> **PROBLEM DESCRIPTION**:
Transcribe the entries below word for word, beginning at the line with "Vorweg muss ich" and stopping after the line with "Jones New York"; drop all pictures.

> **TASK DATA**:

+ + + + + + +

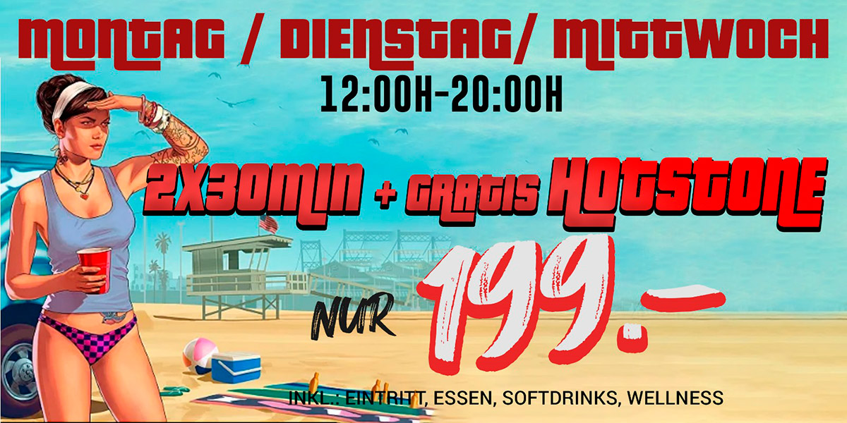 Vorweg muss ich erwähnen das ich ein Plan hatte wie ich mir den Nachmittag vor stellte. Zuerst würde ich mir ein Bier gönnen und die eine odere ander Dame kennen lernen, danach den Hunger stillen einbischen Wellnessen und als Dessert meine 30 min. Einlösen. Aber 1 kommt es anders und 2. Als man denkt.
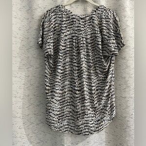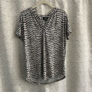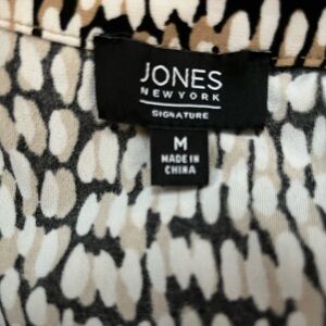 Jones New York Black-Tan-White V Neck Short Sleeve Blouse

+ + + + + + +

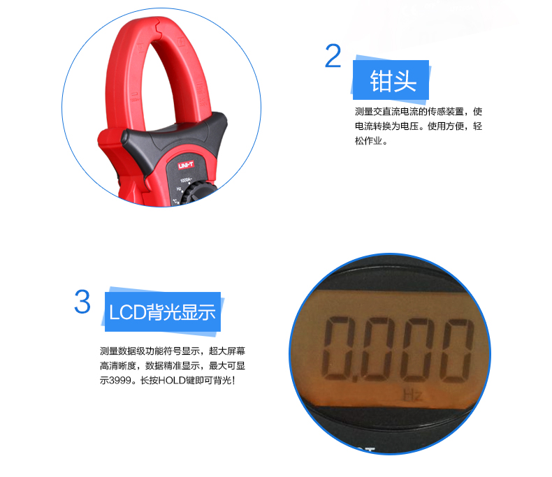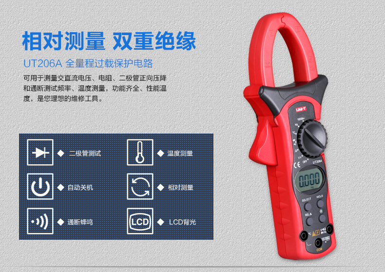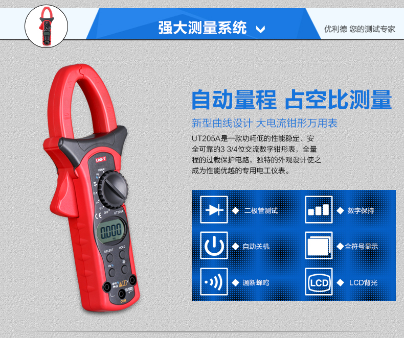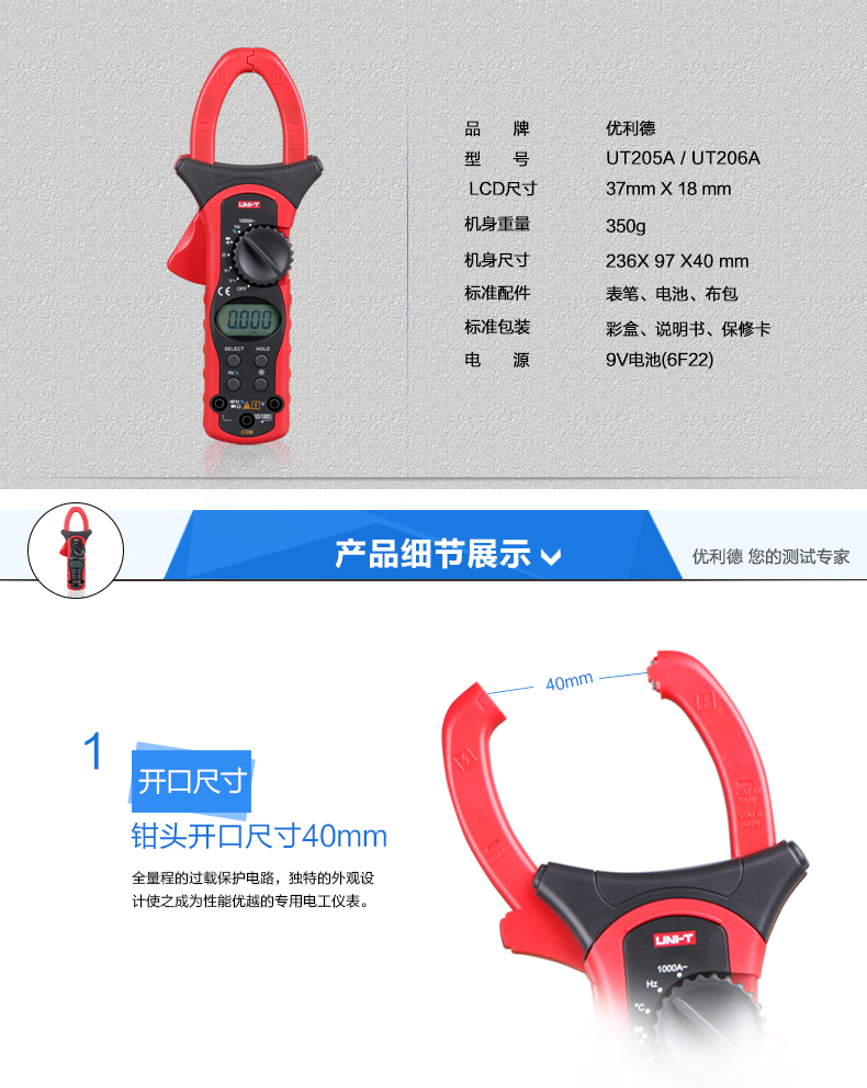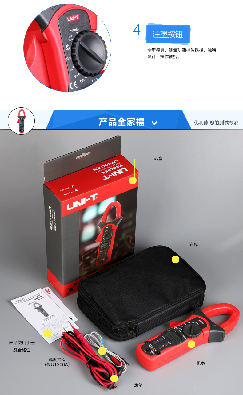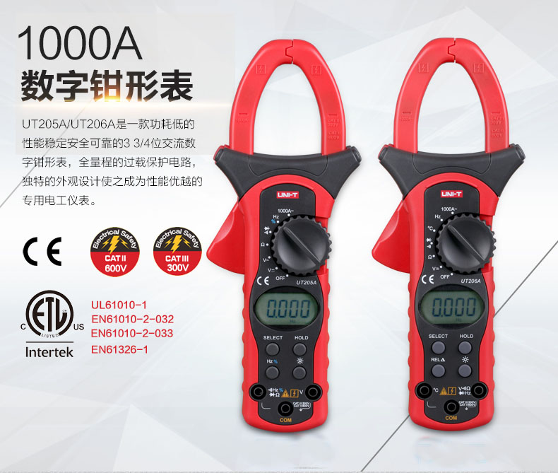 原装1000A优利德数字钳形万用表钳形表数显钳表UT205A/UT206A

+ + + + + + +

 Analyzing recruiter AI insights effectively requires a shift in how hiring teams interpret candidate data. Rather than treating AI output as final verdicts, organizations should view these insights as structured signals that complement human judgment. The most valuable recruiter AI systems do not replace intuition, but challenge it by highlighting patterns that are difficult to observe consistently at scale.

+ + + + + + +

> **YOUR RESPONSE**:
 Vorweg muss ich erwähnen das ich ein Plan hatte wie ich mir den Nachmittag vor stellte. Zuerst würde ich mir ein Bier gönnen und die eine odere ander Dame kennen lernen, danach den Hunger stillen einbischen Wellnessen und als Dessert meine 30 min. Einlösen. Aber 1 kommt es anders und 2. Als man denkt.
 Jones New York Black-Tan-White V Neck Short Sleeve Blouse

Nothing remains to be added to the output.